Rusya ile ABD arasındaki ilişkiler Putin döneminde giderek gerilmiş, Orta ve Doğu Avrupa ülkelerinin AB`ye üye olmalarının yani sıra NATO`ya da üye olmaları ve son olarak da ABD’nin Polonya ve Çek Cumhuriyeti’ne füze rampaları kurması meselesi iki emperyalist ülke arasındaki ilişkileri adeta soğuk savaş dönemindeki ilişkilere dönüştürmüştür.
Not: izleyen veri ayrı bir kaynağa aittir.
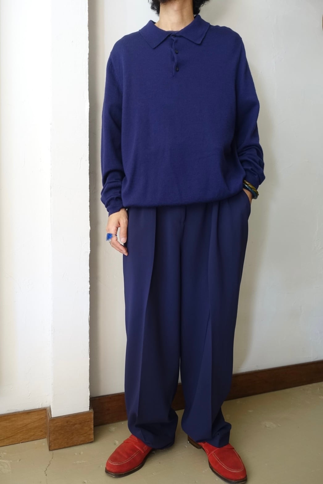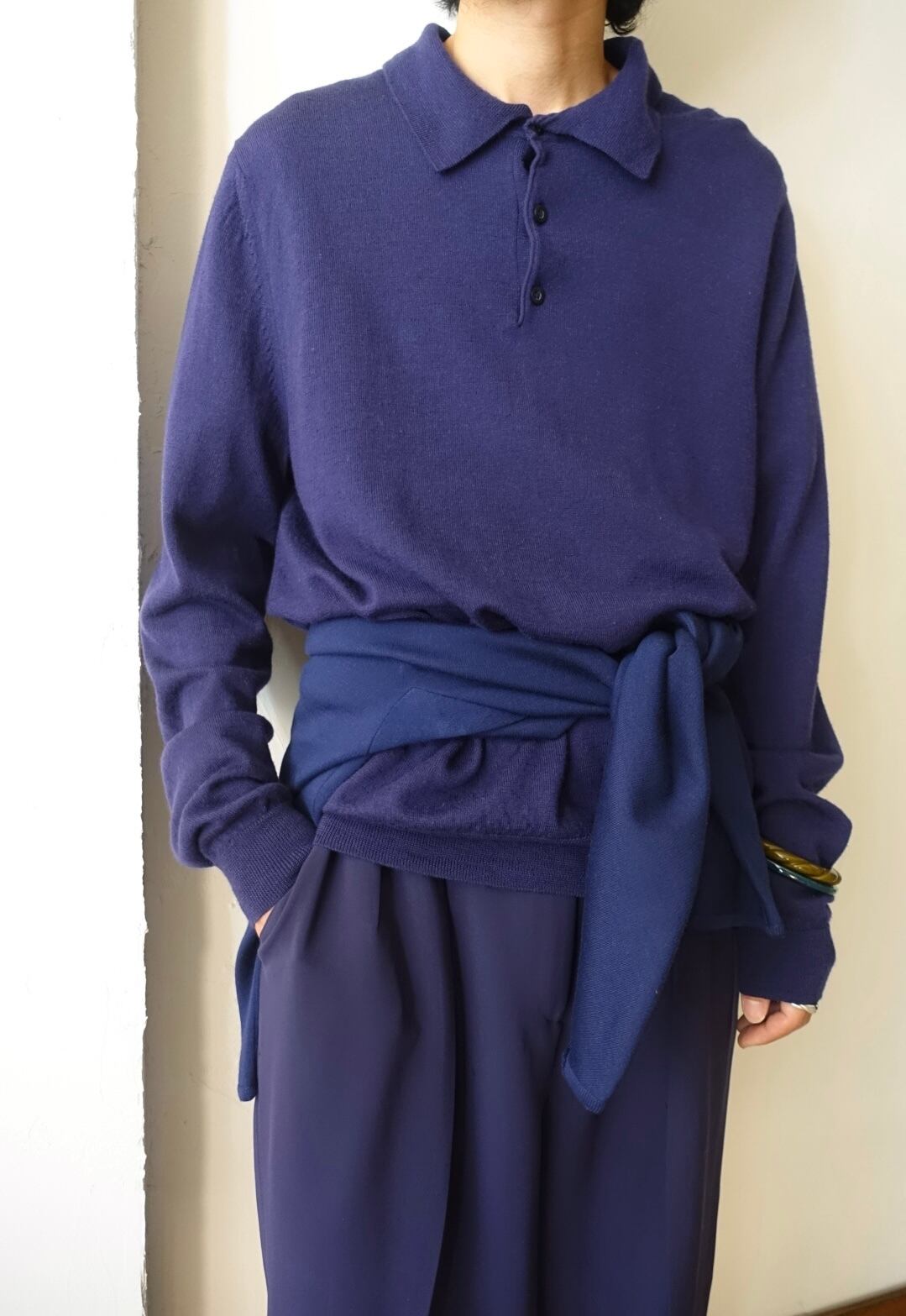 ナス紺なカラーが魅力のウールニットポロ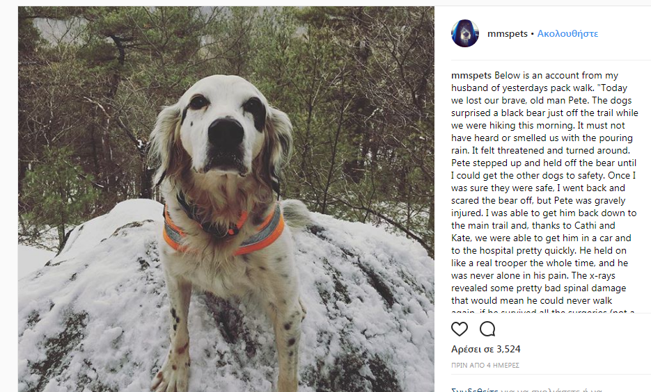 Ένα αγγλικό σέτερ 14 ετών, ο Πιτ, θυσιάστηκε για να σώσει το αφεντικό του και τρία ακόμα κουτάβια από επίθεση μαύρης αρκούδας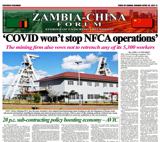 4月26日,贊比亞影響力最大的主流媒體贊比亞時(shí)報(bào)在“贊中友誼論壇”頭條位置,再次講述了中國有色集團(tuán)出資企業(yè)中色非洲礦業(yè)公司(簡稱:中色非礦)故事——“疫情下,中色非礦不會裁減任何一個(gè)贊比亞員工”。同期財(cái)稅專版,還刊載了中色非礦自成立以來累計(jì)繳納稅收達(dá)2億美元,用行動踐行“中贊合作、共同發(fā)展”理念,積極支持贊比亞經(jīng)濟(jì)發(fā)展的專題報(bào)道。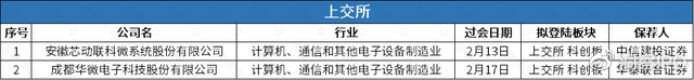 2月13日-2月19日,上交所科创板有2家公司过会、深交所创业板有3家公司过会。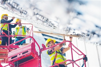 工人們加快推進項目建設(shè)。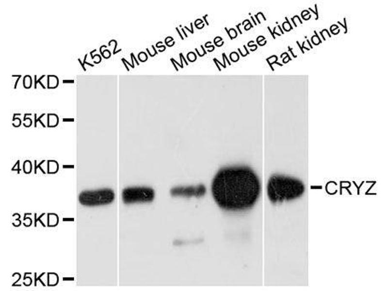 - Crystallins are separated into two classes: taxon-specific, or enzyme, and ubiquitous. The latter class constitutes the major proteins of vertebrate eye lens and maintains the transparency and refractive index of the lens. The former class is also called phylogenetically-restricted crystallins. This gene encodes a taxon-specific crystallin protein which has NADPH-dependent quinone reductase activity distinct from other known quinone reductases. It lacks alcohol dehydrogenase activity although by similarity it is considered a member of the zinc-containing alcohol dehydrogenase family. Unlike other mammalian species, in humans, lens expression is low. Alternatively spliced transcript variants encoding different isoforms have been found for this gene. One pseudogene is known to exist.,CRYZ,Epigenetics & Nuclear Signaling,Cancer,Signal Transduction,Endocrine & Metabolism,Nucleotide metabolism,Drug metabolism,Neuroscience,CRYZ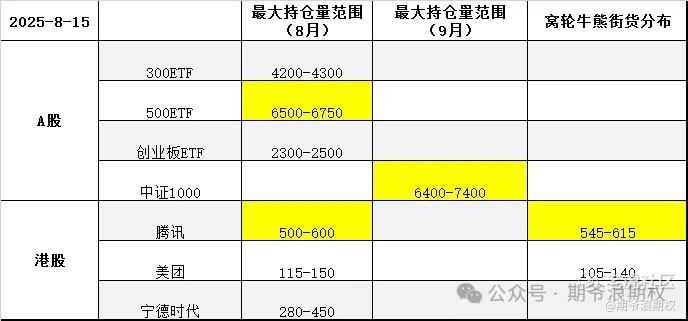 下图是今天大A的3个ETF和一个指数,以及港股的腾讯、美团和宁德时代的最大持仓量范围以及窝轮牛熊分布范围,也就是8月9月的资金筹码分布,黄色的表示跟上个交易日有变动。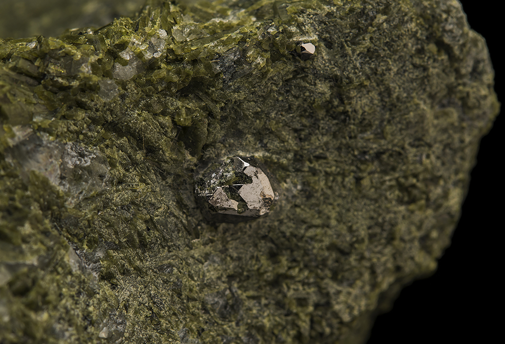 A beautiful 4 mm crystal on an epidote and quartz matrix. The crystal fell off the matrix during preparation and has been re-attached.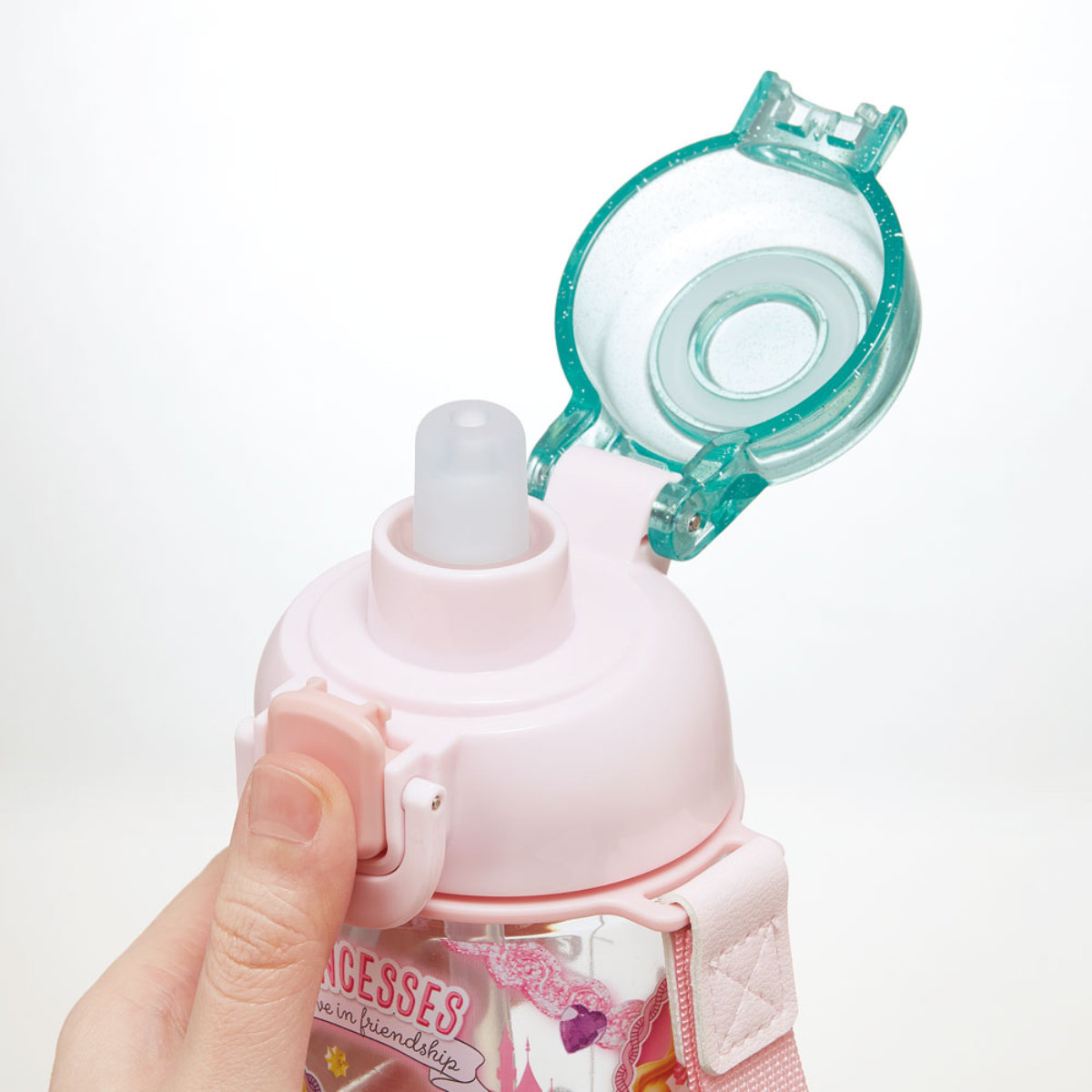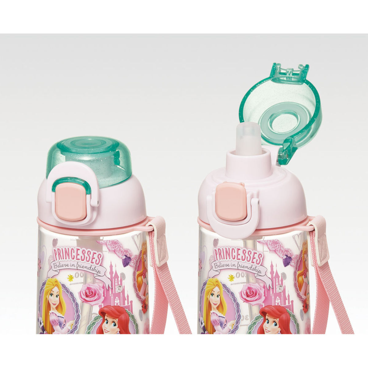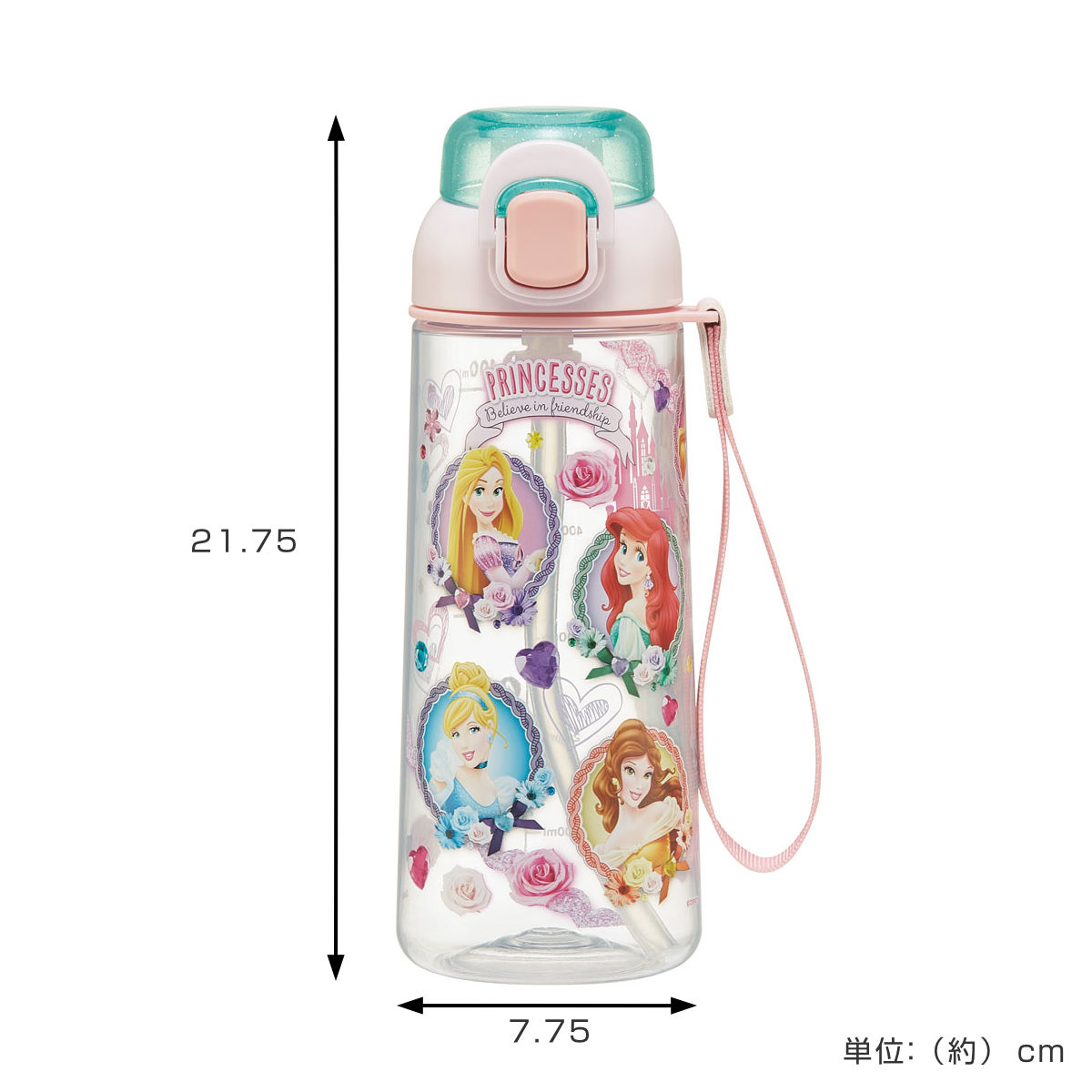 水筒 630ml ワンプッシュストローボトル プリンセス ( ディズニープリンセス 子供用 プラスチック ストローボトル クリア ワンタッチ 目盛り ストラップ付き 広口 軽量 ストロー ボトル ワンプッシュ )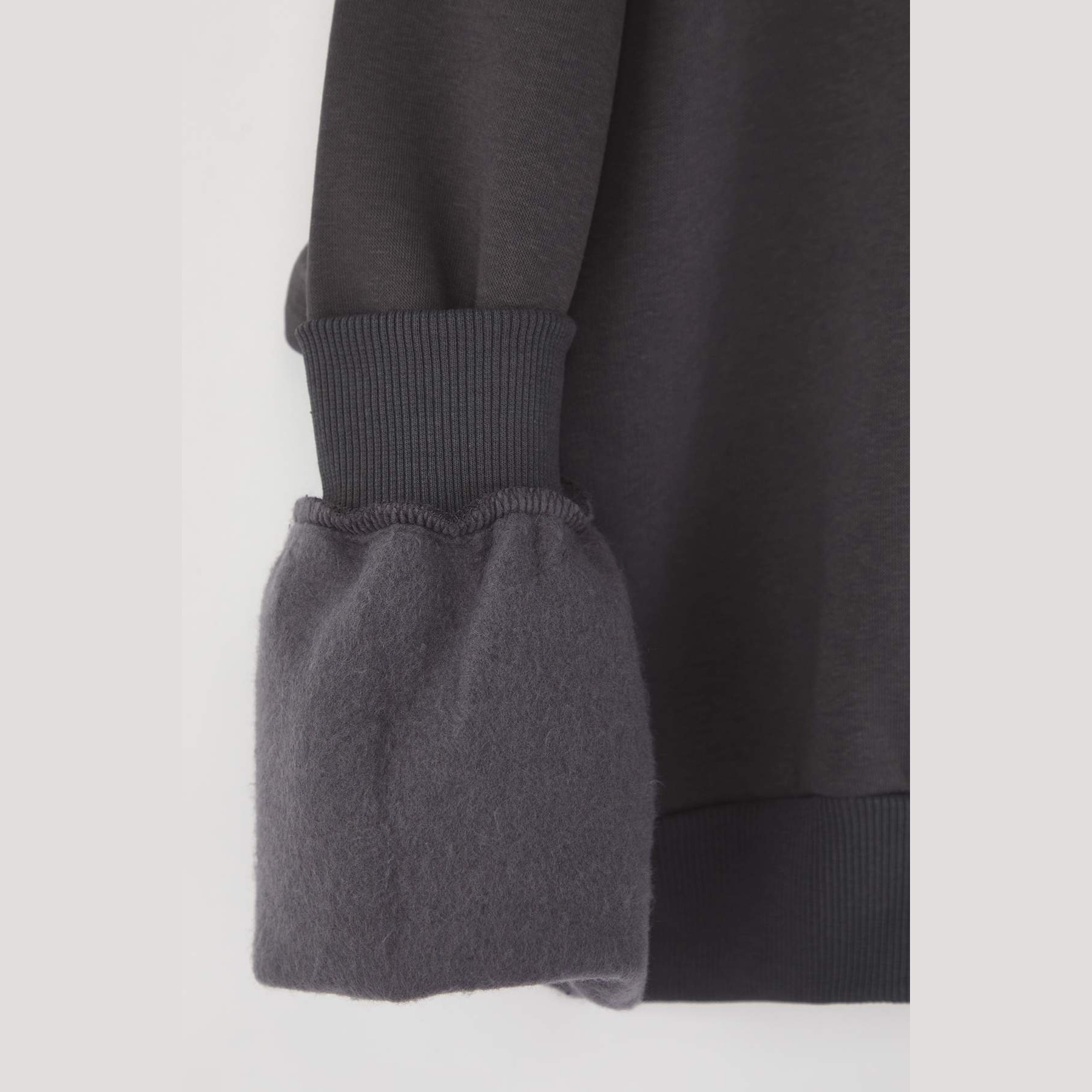 سويت شيرت نسائي بلون رمادي داكن، مصنوع من خامة محاكة بتركيبة ثنائية من القطن والبوليستر، يتميز بنسيج سميك داخلي مبطّن بطبقة فرو صناعي تمنح دفئًا فائقًا وراحة مثالية في الأجواء الشتوية. يأتي بقصة قصيرة مريحة وياقة مرتفعة بسحاب أمامي وأكمام طويلة بتصميم كتف منخفض، ما يجعله خيارًا مثاليًا للإطلالات اليومية مع بناطيل عالية الخصر.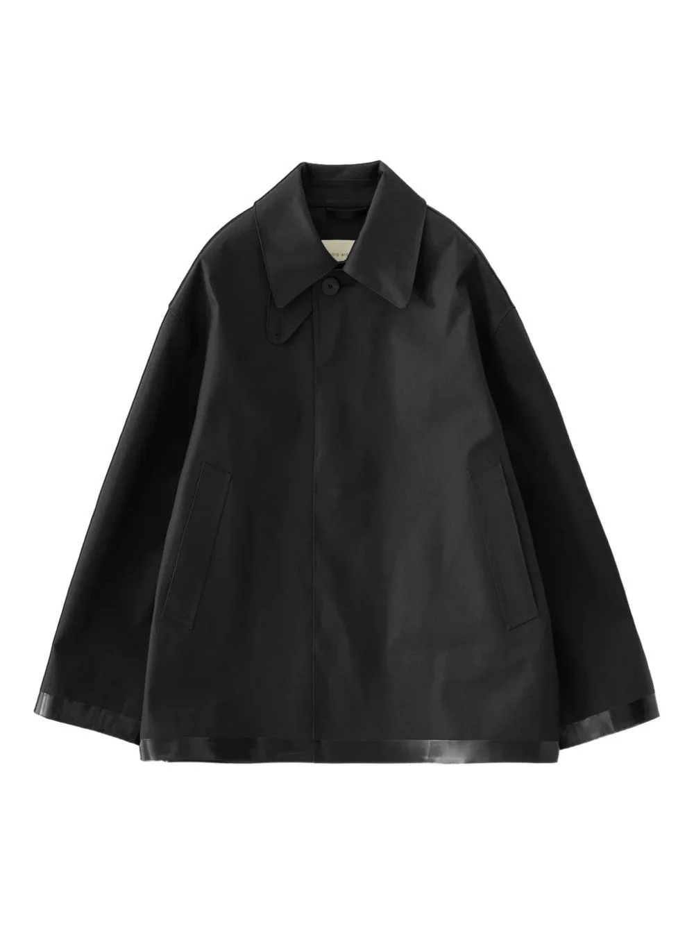 x Teviot buttoned coat Highlights - Black - Point collar - Front button fastening - Long sleeves - Welt pockets - Trim detail Made in United Kingdom Composition Cotton 100% Washing instructions Read Manufacturer Guidelines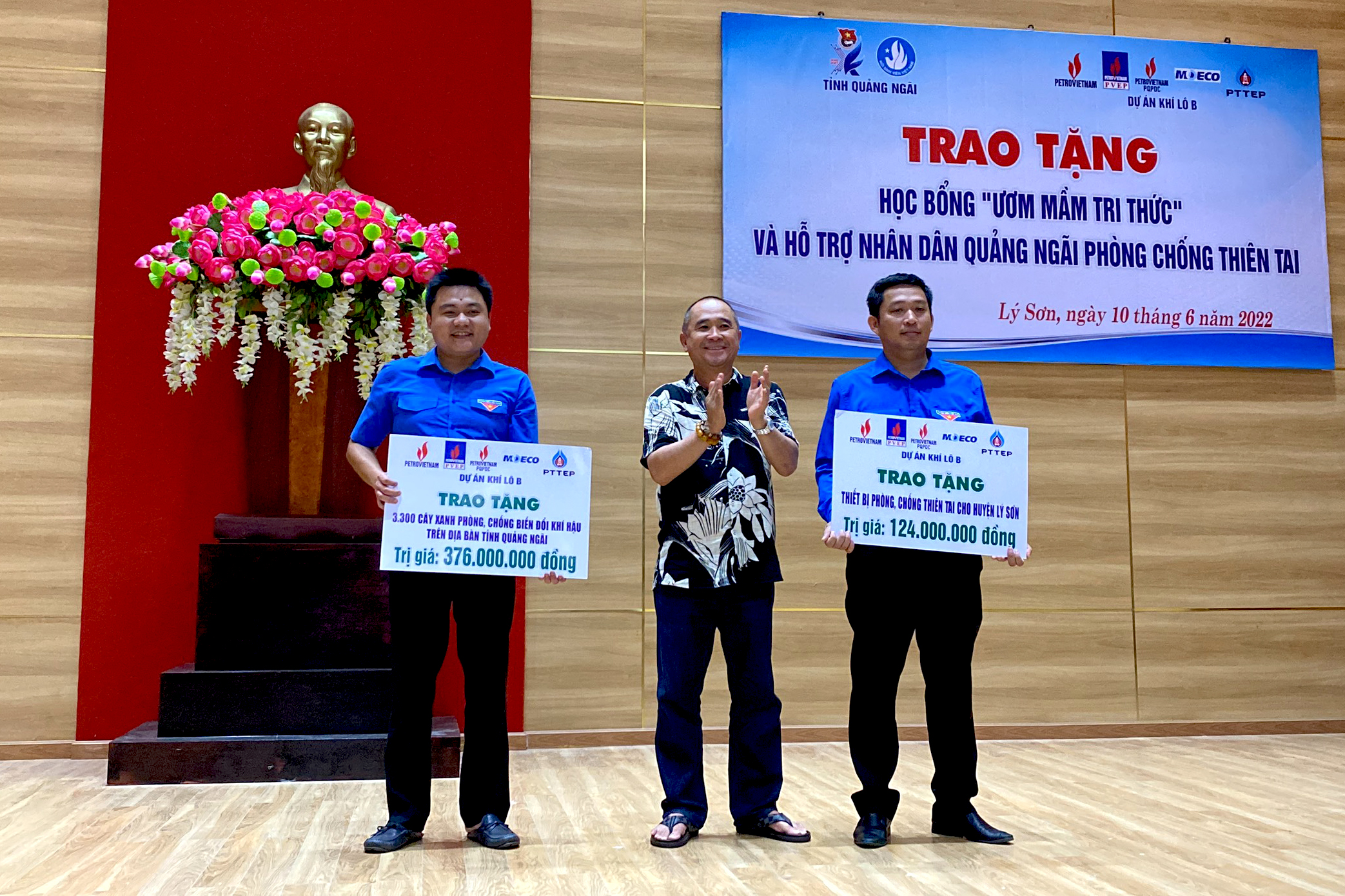 Nhằm đồng hành cùng ngư dân, giúp ngư dân an tâm vươn khơi bám biển và hạn chế mức rủi ro nhất do thiên tai gây nên, tại chương trình, Công ty Điều hành Dầu khí Phú Quốc còn trao tặng các thiết bị phòng chống thiên tai trị giá 124 triệu đồng cho huyện đảo Lý Sơn; đồng thời trao tặng tỉnh Quảng Ngãi 3.300 cây xanh góp phần phòng, chống biến đổi khí hậu trị giá 376 triệu đồng.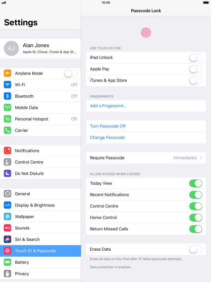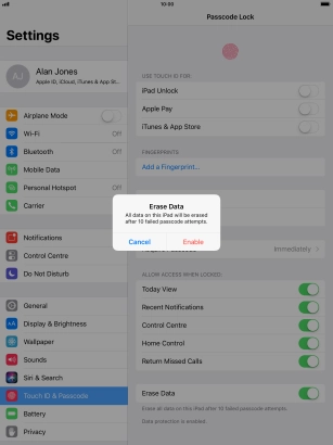 Press the indicator next to "Erase Data" to turn the function on or off.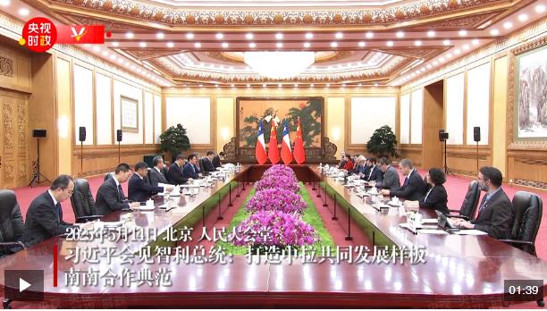 習近平指出,中國和智利要不斷豐富兩國全面戰(zhàn)略伙伴關系的時代內涵,打造中拉共同發(fā)展樣板、南南合作典范,共同促進人類和平和進步事業(yè)。

Rusya, Kosova’nın bağımsızlığıyla ilgili olarak Batili emperyalist güçlerin, somutta da ABD ve AB’nin ne denli ikiyüzlülük yaptıklarını, bu bağımsızlığı tanımayacağını sert bir üslupla açıkladı. Rus desteğinden emin olan Sırbistan da Kosova’nın bağımsızlığını asla tanımayacağını açıkladı.

Hazırlığı bütün dünyanın gözü önünde yapılan bağımsızlık ilanı, Batının önde gelen emperyalist ülkeleri tarafından hemen kabul edildi. 

Kosova’nın bağımsızlığı konusunda AB ikiye bölündü. Almanya, Fransa, İngiltere, İtalya gibi ülkeler Kosova’nın bağımsızlığını tanırlarken, İspanya, Yunanistan gibi ülkeler bağımsızlığı tanımayacaklarını açıkladılar. Bu ülkelerin bu bağımsızlığı kabul etmemeleri, bu türden bağımsızlıkların Bask ülkesi ve KKTC için birer emsal oluşturabileceği korkusundan kaynaklanmaktadır.

Kosova’nın bağımsızlığı konusunda dünya da iki kampa ayrıldı: Rusya ve Çin’in bağımsızlık ilanına karşı açıklamada bulunmaları meselenin özünde bir şey değiştirmedi.   Salt bu kamplaşma; bir taraftan Rusya+Çin ve diğer taraftan da ABD arasındaki çelişkilerin keskinleşmesine bir işarettir.  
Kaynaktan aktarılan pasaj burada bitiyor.